Agent Pods not reloading renamed or new PolicyID
While working on https://github.com/elastic/cloud-on-k8s/issues/7290 I noticed that renaming a policy ID does not trigger a "restart" of the Agent Pods. The FLEET_ENROLLMENT_TOKEN is provided as an environment variable, and therefore requires a new Pod to be created to read the new value.
apiVersion: v1
kind: Secret
metadata:
creationTimestamp: "2024-10-18T12:42:54Z"
labels:
agent.k8s.elastic.co/name: elastic-agent
common.k8s.elastic.co/type: agent
eck.k8s.elastic.co/credentials: "true"
name: elastic-agent-agent-envvars
namespace: elastic
stringData:
FLEET_ENROLLMENT_TOKEN: REDACTED // This is going to be updated correctly by the Agent controller
type: Opaque
apiVersion: v1
kind: Pod
metadata:
annotations:
agent.k8s.elastic.co/config-hash: "803455129"
openshift.io/scc: privileged
creationTimestamp: "2024-10-18T12:42:54Z"

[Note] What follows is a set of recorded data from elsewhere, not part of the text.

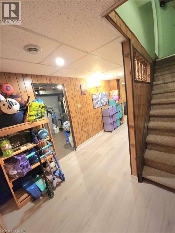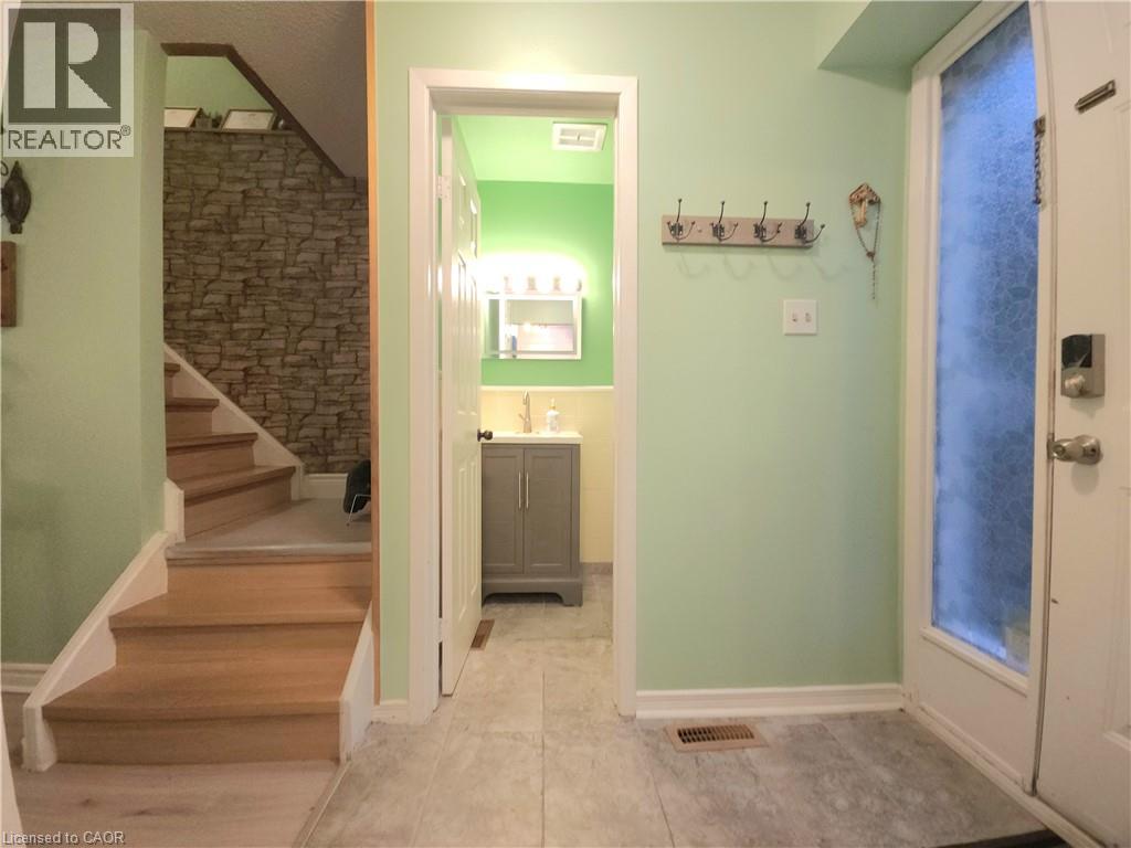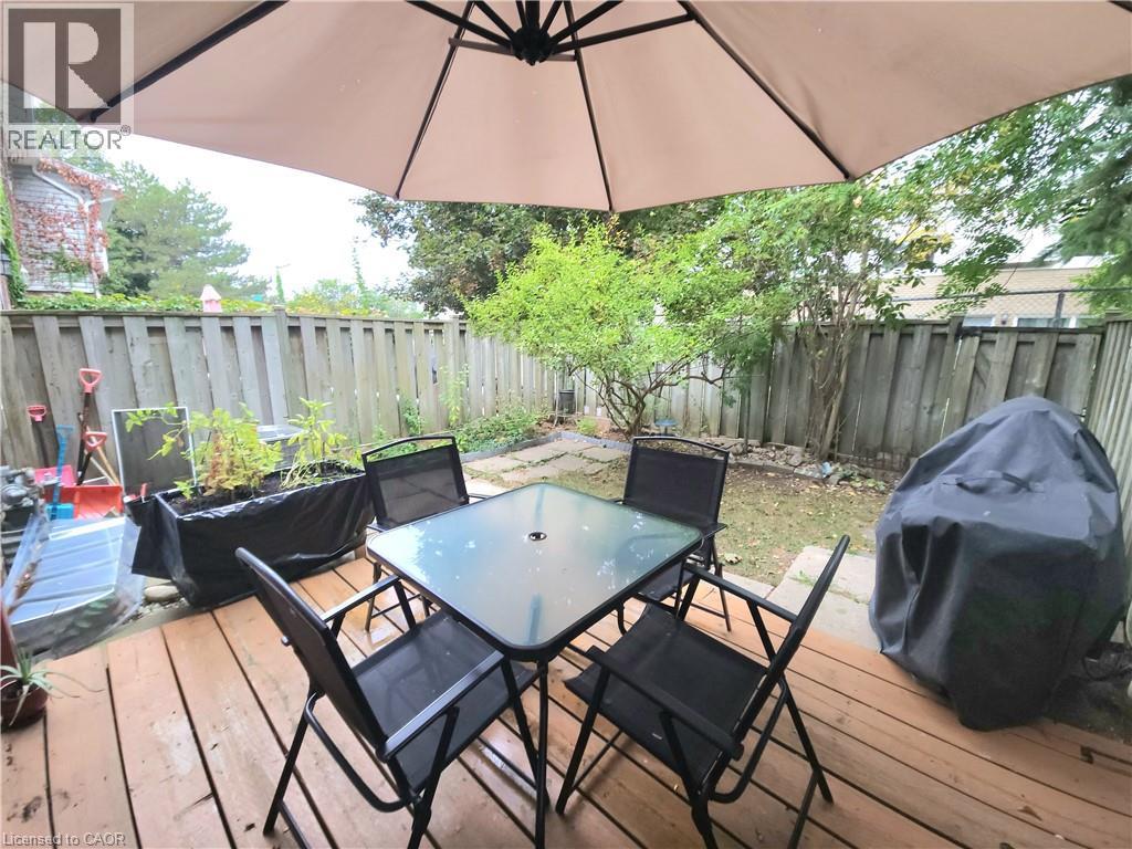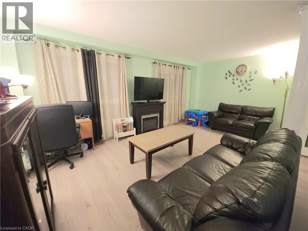If you’ve been waiting for the perfect starter home, this beautifully updated three-bedroom end-unit townhouse is your chance to get into the market! The spacious main floor features a bright, modern kitchen with white cabinetry, quartz countertops, stainless steel appliances, and a stylish backsplash, all flowing into an open-concept living and dining area filled with natural light. Recent upgrades give you peace of mind, including a new furnace and AC (2019), basement flooring (2021), acoustic ceiling panels (2022), washer and dryer (2023), ceramic floor in kitchen, bathroom, and entrance (2025), and a water softener (2025). The second floor offers new flooring (2023), wood stairs and fresh paint (2024), plus a fully refreshed bathroom with a new vanity and toilet (2025). Outside, enjoy your own private patio with a deck and mature landscaping, plus an updated playground (2024) within the condo community — perfect for young families. With a newer roof (2021), easy access to highways, and thoughtful finishes throughout, this move-in-ready home combines style, comfort, and value — a smart choice for first-time buyers looking to step confidently into homeownership. (id:46441)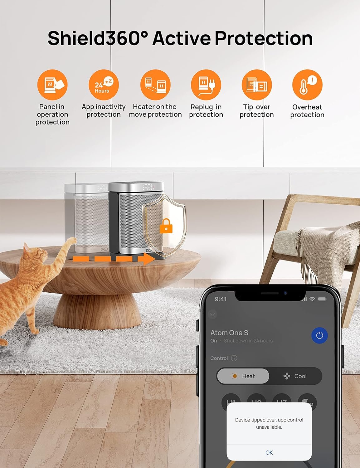 Product 1: Safest on the Market: ETL-Certified smart heater to pass safety tests with its premium built-in features. ETL-listed Shield360° system provides tip-over and overheat protection, as well as an enhanced safety plug. Along with UL94 V-0 flame-retardant materials to ensure ultimate safety in all aspects. Heat up your day and night without worries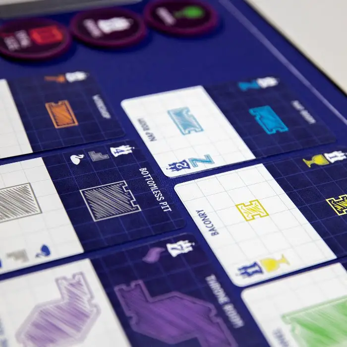 Select rooms from the market to draw in your castle’s floor plan. As you complete rooms’ entrances by connecting them to other rooms, earn new abilities such as adding or removing entrances, earning bonus cards, or even adding a moat!
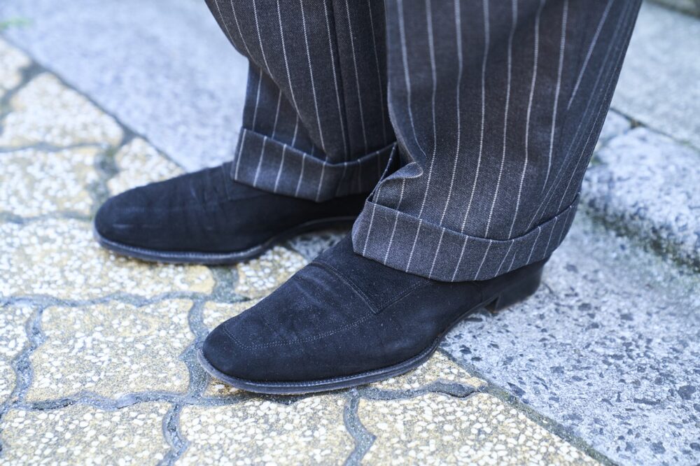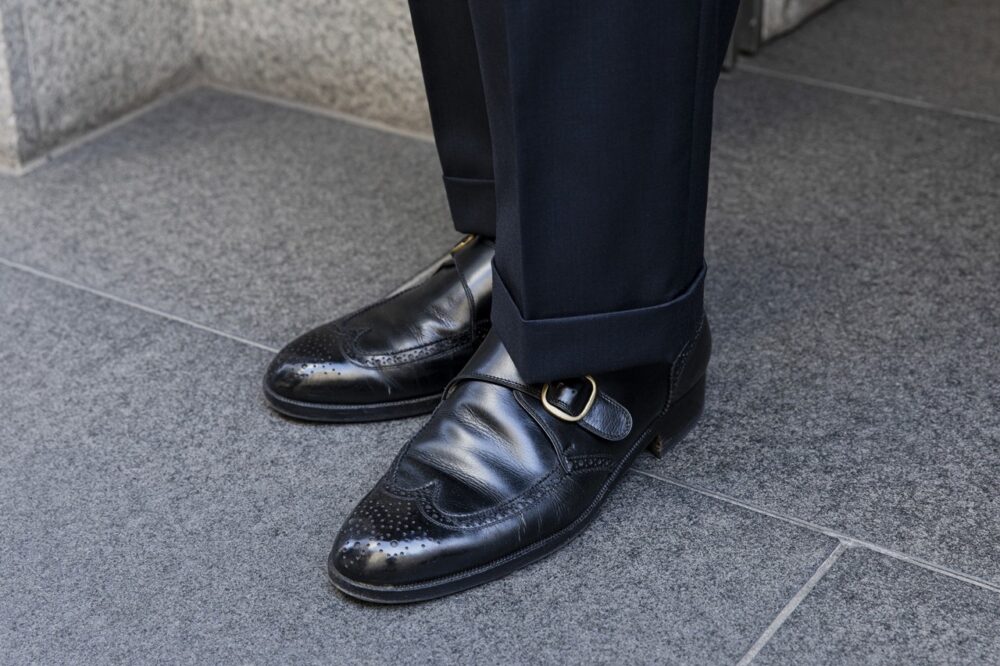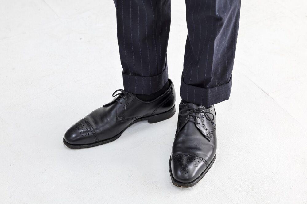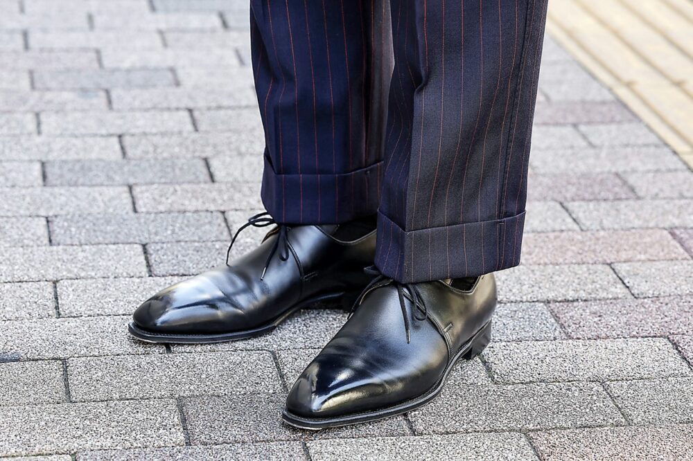 「しっかりと 重厚感がありながらも、ブラックスーツではなく、ビジネススタイルの延長にあるフォーマルスタイルに。足元もフルオーダーした英国ものです」
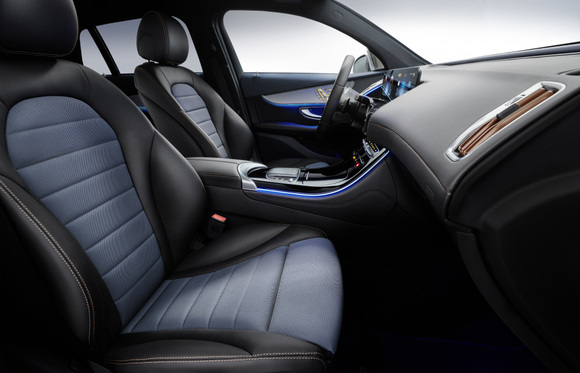 EQC je průkopníkem avantgardní elektromobilové estetiky také v interiéru. Příkladem je „lamelový límec“ přístrojové desky, který připomíná chladicí žebra některých zesilovačů Hi-Fi. Přístrojová deska je koncipována jako „kokpit“ zaměřený na řidiče. Pro Mercedes-Benz typický profil křídla je asymetrický a v oblasti řidiče „vyříznutý“. V této části se nachází jeden z vizuálně nejpřitažlivějších prvků „kokpitu“ – technicky pojatý panel s lesklou povrchovou úpravou, v němž jsou uloženy nízké výdechy ventilační soustavy s nevšedně tvarovanými lamelami v odstínu růžového zlata.
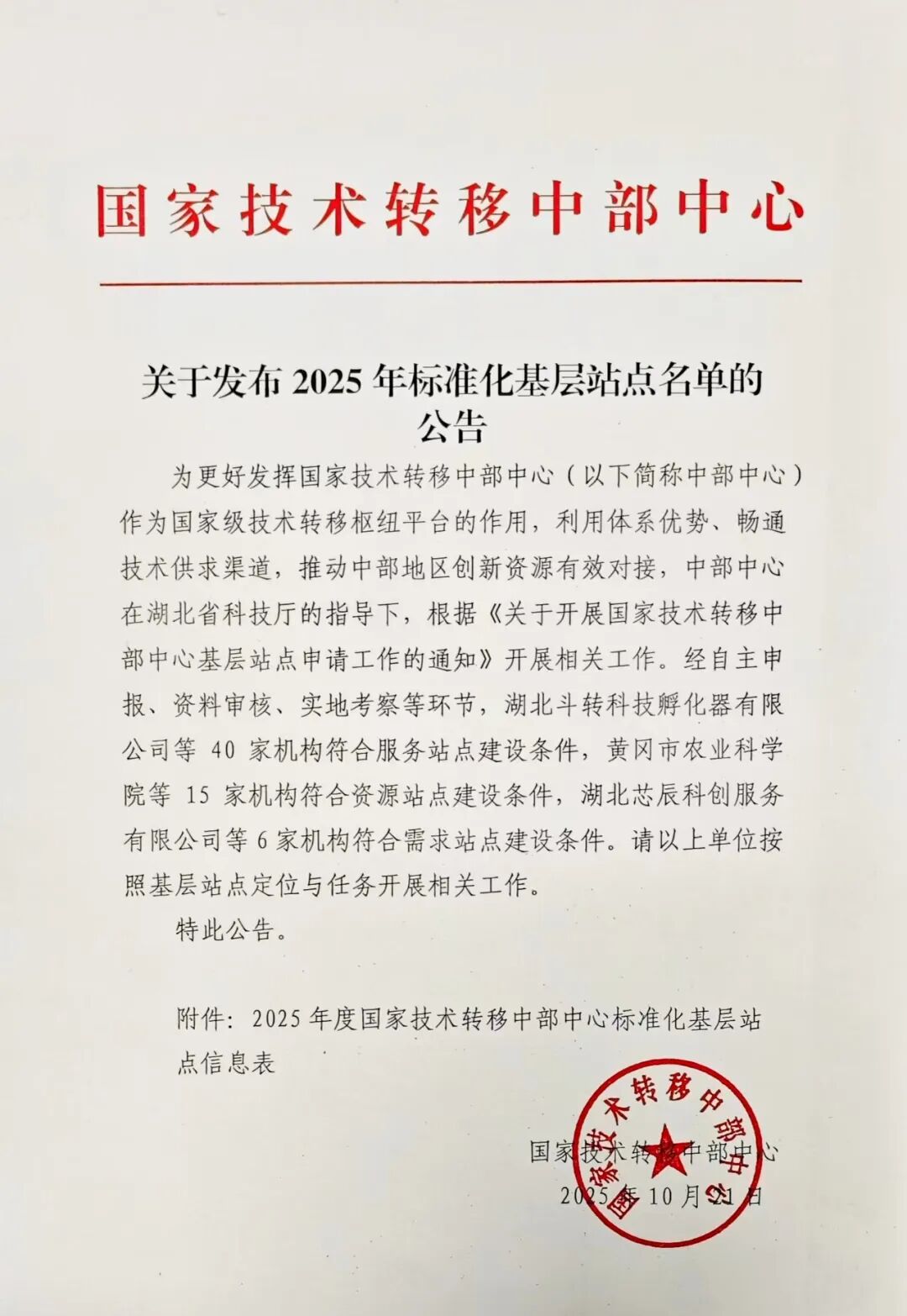 近日,国家技术转移中部中心公布2025年标准化基层站点建设名单,阳新县产业技术创新服务中心与阳新县现代农业产业技术研究院的运营主体——阳新县鑫慧农科技咨询有限公司成功入选。两家平台双双获评,标志着阳新县在科技创新平台建设上取得重要突破,成为构建区域科技创新体系、加速科技成果转化进程中的又一里程碑。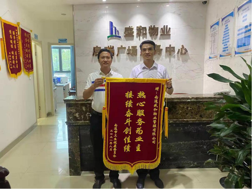 近日,南通市衛(wèi)生健康委員會(huì)將一面“熱心服務(wù)為業(yè)主、接續(xù)奮斗創(chuàng)佳績(jī)”的錦旗送到盛和物業(yè)啟瑞廣場(chǎng)服務(wù)中心,感謝物業(yè)公司在其開(kāi)展新冠肺炎疫情處置聯(lián)合實(shí)戰(zhàn)演練時(shí)期盡職盡責(zé)、熱情周到的服務(wù)。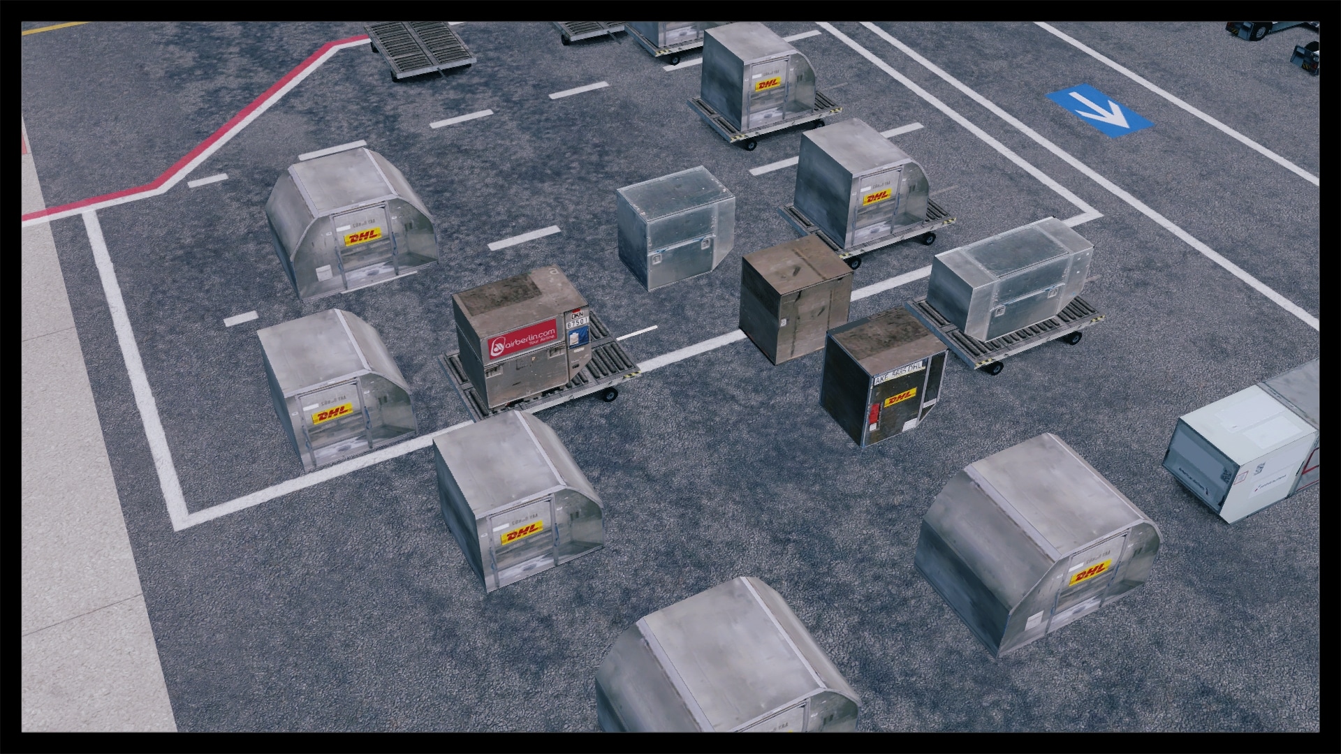 Die Versorgungs- und Abfertigungsfahrzeuge, Container und sonstigen Objekte sind sehr ansehnlich und bereichern das Vorfeld. Besonders die vielen verschiedenen Typen von Fahrzeugen und Containern tragen zum Bild eines geschäftigen Flughafens zu.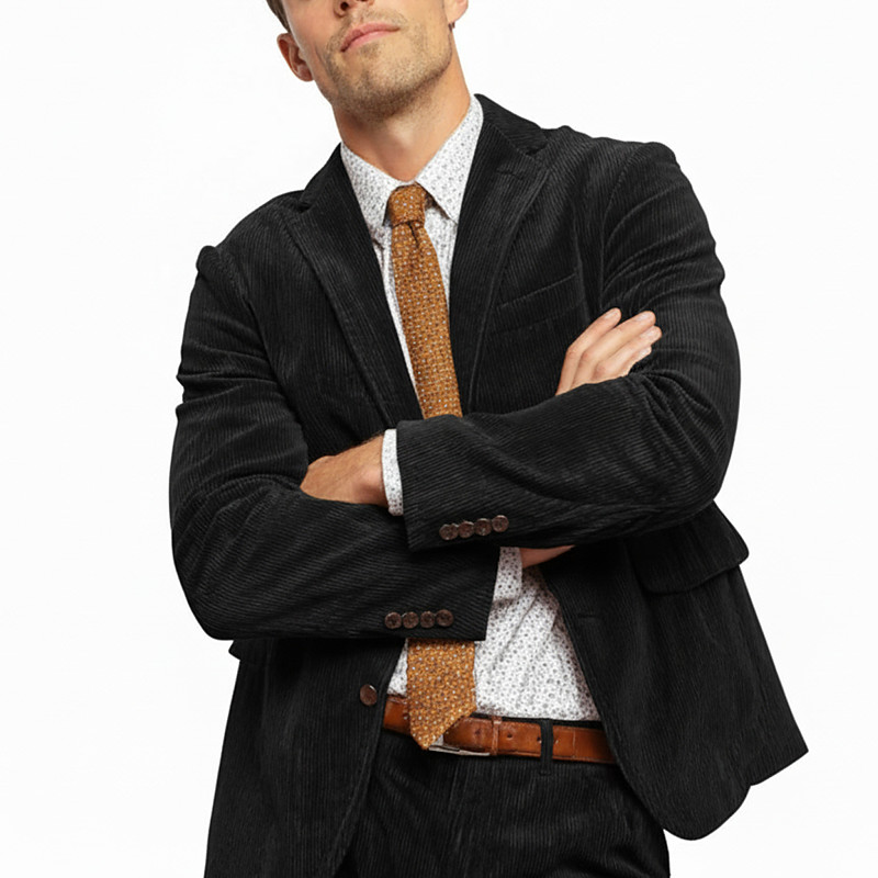 Men's Business Casual Corduroy Suit Notch Lapel Black Burgundy Daily Business Solid Colored Tailored Fit 2 Piece Single Breasted Two-buttons

generateName: elastic-agent-agent-
labels:
agent.k8s.elastic.co/name: elastic-agent
agent.k8s.elastic.co/version: 8.15.0
common.k8s.elastic.co/type: agent
controller-revision-hash: 6ccd744885
pod-template-generation: "1"
name: elastic-agent-agent-hjn5b
namespace: elastic
spec:
containers:
- name: FLEET_ENROLLMENT_TOKEN
valueFrom:
secretKeyRef:
key: FLEET_ENROLLMENT_TOKEN // Not reloaded without a restart
name: elastic-agent-agent-envvars
optional: false
Note that one other problem is that the "old" policies are never deleted and the related tokens remain valid.
EDIT: The Agent itself is now (8.18.0+) fixed and does reenroll if the token changes: https://github.com/elastic/elastic-agent/pull/6568
I think this issue is more complicated than it first seems: recreating the pod is not sufficient if it's run in a stateful manner (like as part of a daemon-set which uses host path mounts). As far as I can tell the Agent prefers to use its persistent state and old policy, ignoring the changed env token value.
While this may very well be a separate issue; from a "UX" perspective they're closely related. That is: changing the PolicyID takes no effect.
I could be missing some crucial Agent knowledge, but I think it might be a limitation with the Agent itself. Looking at the docs and the undocumented help of the container command I see no clear way to force a re-enrollment via the CLI.